In a discussion paper titled “Does Exchange Rate Volatility Matter for Economic Growth,” BSP researchers said exchange rate volatility can lower growth in some economies like the Philippines, but only in the short term.

“In the short run, exchange rate volatility exerts a negative impact on some economies and a positive impact on others. A percentage change in exchange rate volatility decreases economic growth by about 0.14% in China, 0.19% in Singapore, and 0.4% in the Philippines,” the BSP researchers said.

The study tackled the effects of volatility in the foreign exchange (FX) markets of 11 Asia-Pacific economies from 2002 to 2022.

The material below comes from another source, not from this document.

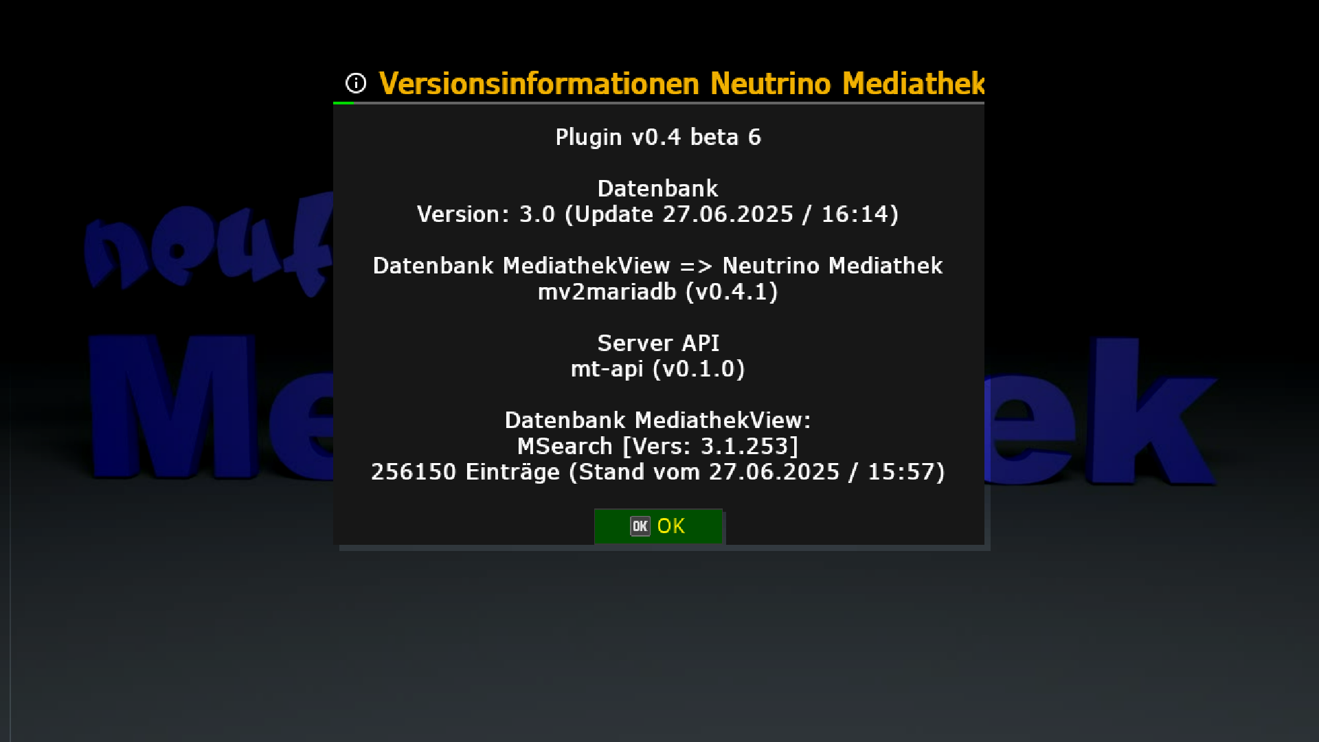 sucht / eingibt .. das ergebnis ist das gleiche .. und da ich vermute das die neutrino mediathek das nutzt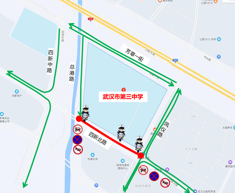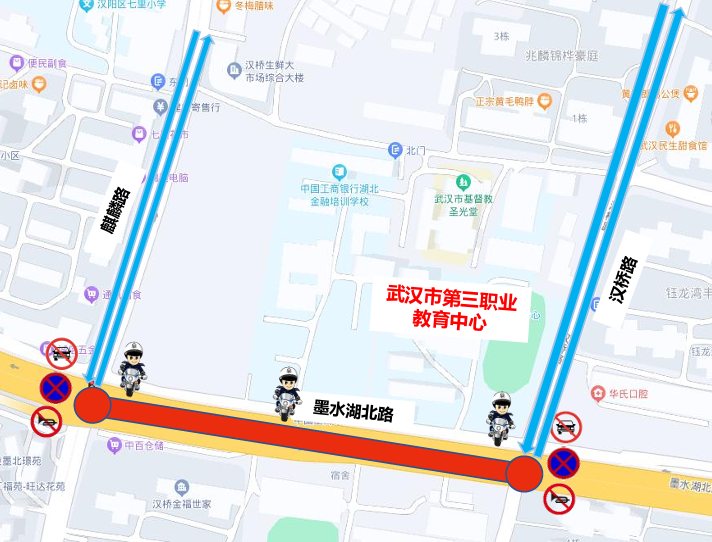 武汉市第三职业教育中心周边临时交通管控示意图

However, this negative impact on economic growth in China, the Philippines, and Singapore dissipated in the long run, BSP researchers said.

“This may imply that measures used by these economies to respond to exchange rate volatility could be effective and that other factors are more important for economic growth in the long run,” they said.

One of the most known episodes of FX volatility in the Philippines occurred last year, when the peso hit a record low of P59 against the greenback in October, amid the US Federal Reserve’s aggressive tightening.

The BSP hiked policy rates to avoid a narrower interest rate differential with the US Fed and used its dollar buffers to mitigate the volatility in the foreign exchange market.

From March 2022 to June 2023, the Fed raised its key rates by 500 basis points (bps) to 5-5.25%, while the BSP hiked by 425 bps to 6.25% from May 2022 to March 2023.